I walked past my Kinsmen in the arms of my boyfriend, a caucasian male. As I did, I sighted them. I knew who they were because I could smell the Igbo pride in them from 50 yards away but just to be sure, I let out a greeting. ‘Ndewo unu o’ is all I had to say to get the confirmation that I needed.
I saw one of them up close, come out of the shadows of his corner as his face muscles tightened in the shock of me speaking his local dialect, he then belted out ‘ewooo’ in what I thought was a silent exclamation of shock, trying to figure out what I was doing in shanghai and why I was having fun with the elite.
It hurt so bad, and the resounding question in my mind was, why only Igbos? Is there a drug ring in the east that no one is aware of?
I was filled with bitterness, anger and spite towards these my brothers draging the name of my tribe and culture in the mud.
They were almost 16 situated outside that club at different places.
they all had their spots , they all dealt differently.
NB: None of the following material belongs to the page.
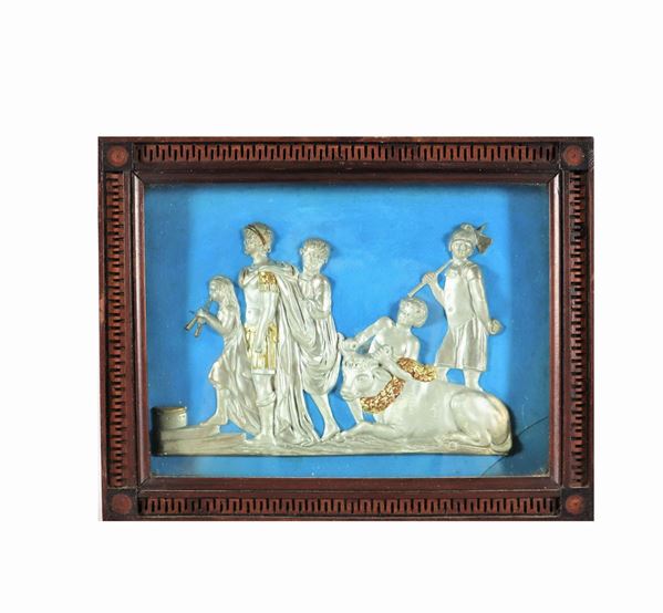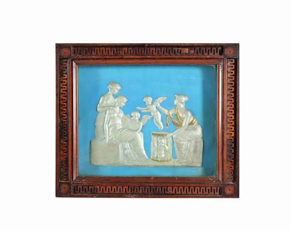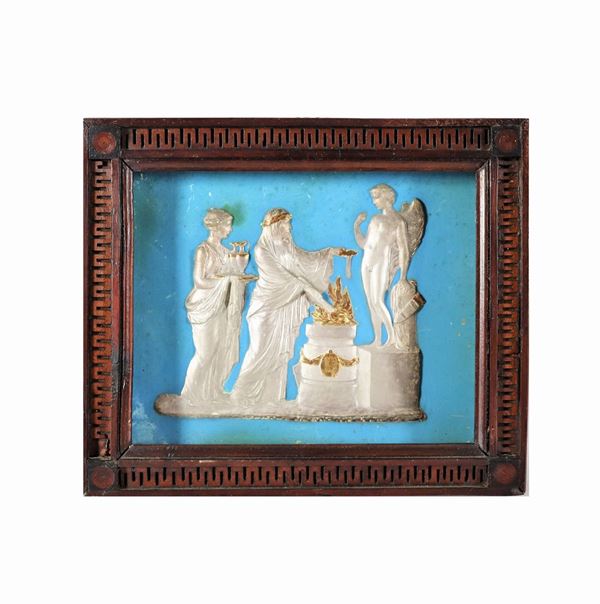 Lotto di tre altorilievi neoclassici argentati e dorati "Scene mitologiche"

Each had his poison of specialty.
They were all drug dealers in China. ALL IGBO! All fully grown, able bodied and employable men. All maybe fathers and husbands to beautiful people at home, all on the streets of shanghai in the night saying ‘Breda, anything you want, I got you’ to all white men they see on the street.
And yet, there are Igbo people like me , who would get offended when people say that the igbo man has lost his ethics and has become a slave to money.
I expect a few Igbo to come at me for this write up but I have never been one to mince words or hide my feelings, this was very dissapointing to witness first hand.
Lets be better. Igbo Kwenu.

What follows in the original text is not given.